▸ Given information
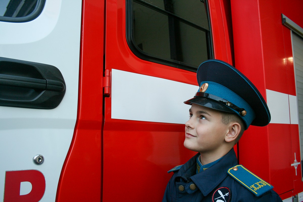 Вячеслав Семенович рассказал о создании первой пожарной службы в городе. Интересные истории из личного опыта. Затем кадетам продемонстрировали помещения, где дежурит и отдыхает бригада пожарных. Посещение гаража пожарных машин и возможность посидеть в кабине вызвал особенный восторг у кадет.
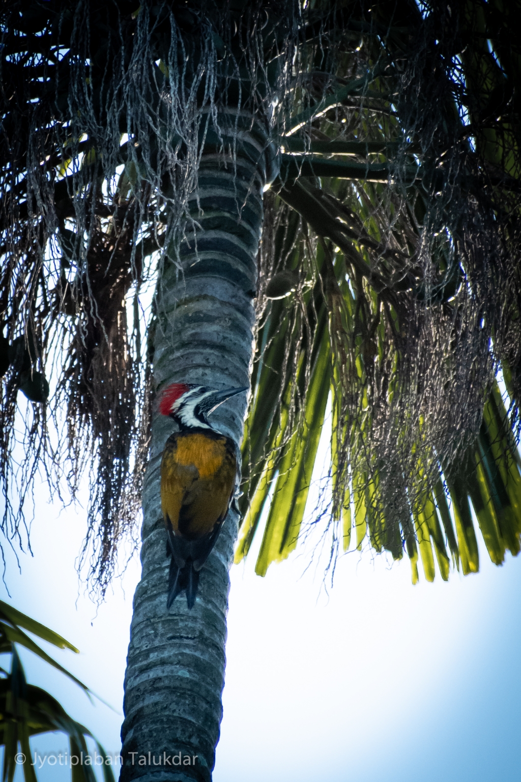 This was a last-minute shot I took in my village. I was about to enter my car to come home. I heard a rattling call. I was searching for this bird the entire day. But never was able to spot it. After hearing the call, it took some time to spot the source, since it concealed itself in a betel nut tree. I took my camera and zoomed to the fullest to spot and capture. The call went on for a few minutes. It flew away after that. I was lucky to witness that
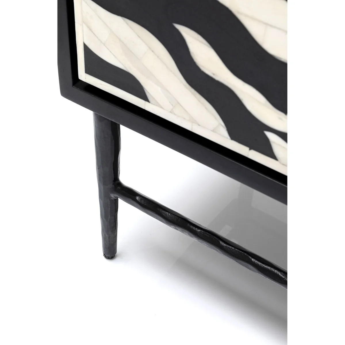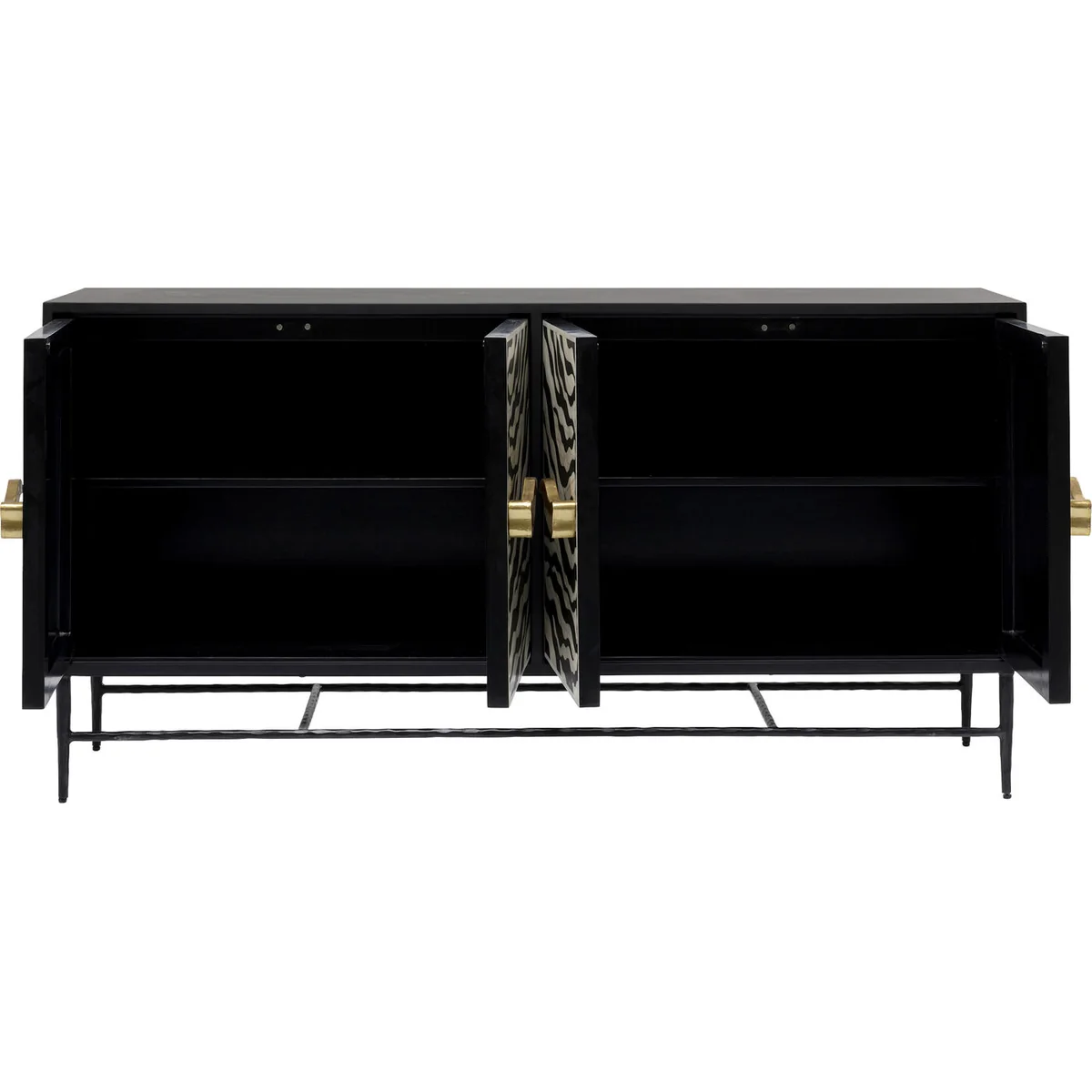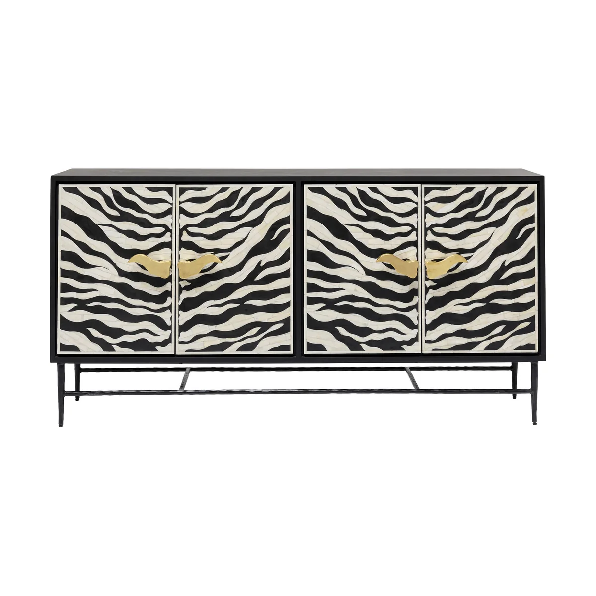 • Handcrafted: the ornate front in black and natural white is partially handmade, each piece is unique • A focal point: with its zebra look and handles in gold, this sideboard is a declaration of special taste in the living room • Dining room: upgrade your dining area with this sideboard. Glasses, crockery and cutlery can be wonderfully stored inside it • Inspiration: transforms your bedroom into a luxury oasis and offers plenty of space for clothes, jewellery and secrets • Ambience: whether classic, modern or glamorous, the 160 x 80 cm x 40 cm sideboard is a convers

▸ Prompt
Copy word for word every line from the start of the material through the line holding "This was a last-minute". The pictures are not part of the copy.

▸ Worked solution
 Вячеслав Семенович рассказал о создании первой пожарной службы в городе. Интересные истории из личного опыта. Затем кадетам продемонстрировали помещения, где дежурит и отдыхает бригада пожарных. Посещение гаража пожарных машин и возможность посидеть в кабине вызвал особенный восторг у кадет.
 This was a last-minute shot I took in my village. I was about to enter my car to come home. I heard a rattling call. I was searching for this bird the entire day. But never was able to spot it. After hearing the call, it took some time to spot the source, since it concealed itself in a betel nut tree. I took my camera and zoomed to the fullest to spot and capture. The call went on for a few minutes. It flew away after that. I was lucky to witness that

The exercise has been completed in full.